Continuous-Time Stochastic Control and Hamilton-Jacobi-Bellman Intuition

How Bellman reasoning turns continuous-time stochastic control into a value-function PDE with drift, diffusion, and optimization terms.
Modified

April 26, 2026

Keywords

stochastic control, HJB, Hamilton-Jacobi-Bellman, controlled diffusion, value function

1 Role

This is the sixth page of the Stochastic Control and Dynamic Programming module.

Its job is to show what Bellman reasoning becomes in continuous time.

In discrete time, dynamic programming gave:

  • Bellman recursions
  • value iteration
  • policy iteration

In continuous time, the same logic turns into a partial differential equation for the value function.

That equation is the Hamilton-Jacobi-Bellman equation.

2 First-Pass Promise

Read this page after Stochastic Linear Systems, LQG, and the Separation Principle.
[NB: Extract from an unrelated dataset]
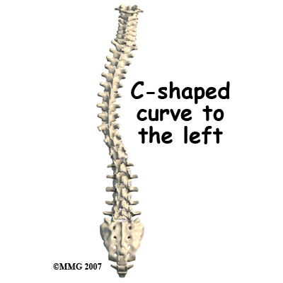 Any part of the spine can be affected by scoliosis, however, most often the thoracic and then lumbar spines are affected. The vertebrae curve to one side and may rotate, which makes the waist, hips, or shoulders appear uneven.  At first, a C-shaped curve may develop causing the shoulders and hips to tilt down on one side. In an effort to keep the head in the middle, the spine may compensate by curving the lower part of the spine in the other direction, forming an S-curve.

If you stop here, you should still understand:

  • what a continuous-time stochastic control model looks like
  • why the value function now depends on time and state continuously
  • why Bellman reasoning becomes an HJB equation
  • what the drift term, diffusion term, and minimization mean

3 Why It Matters

Discrete-time MDPs are mathematically clean, but many systems are naturally continuous:

  • motion
  • diffusion
  • finance-style uncertainty
  • controlled physical processes
  • continuous-time generative and transport models

In those settings, it is awkward to think only in terms of time-step-by-time-step tables.

Instead, we ask for a value function V(t,x) that tells us:

if the current time is t and the state is x, what is the best achievable expected future cost?

The dynamic-programming principle still applies.

But because time is continuous, the one-step Bellman update is replaced by a local-in-time expansion.

That is why the outcome is not a recursion but a PDE.

4 Prerequisite Recall

  • Bellman equations summarize optimal future cost through value functions
  • in stochastic linear systems, noise enters through random disturbances and may still preserve strong structure
  • ODEs and dynamical systems already gave the language of flow, drift, and continuous-time evolution
  • real analysis matters here because the value function is treated through limits, derivatives, and PDE-style reasoning

5 Intuition

5.1 Continuous Time Means Infinitesimal Bellman Updates

In discrete time, Bellman compares:

  • immediate cost over one step
  • plus future value at the next state

In continuous time, the time step becomes very small.

So Bellman reasoning becomes:

  • immediate cost over an interval of length dt
  • plus future value after an infinitesimal state change

That is why derivatives appear.

5.2 Drift Tells Us The Deterministic Local Motion

If the state obeys a controlled diffusion

\[ dX_t = f(X_t,u_t,t)\,dt + \sigma(X_t,u_t,t)\,dW_t, \]

then f is the local drift.

It is the deterministic directional part of the motion.

5.3 Diffusion Adds A Second-Order Effect

Noise does not only perturb trajectories.

At the value-function level, it creates a second-order term.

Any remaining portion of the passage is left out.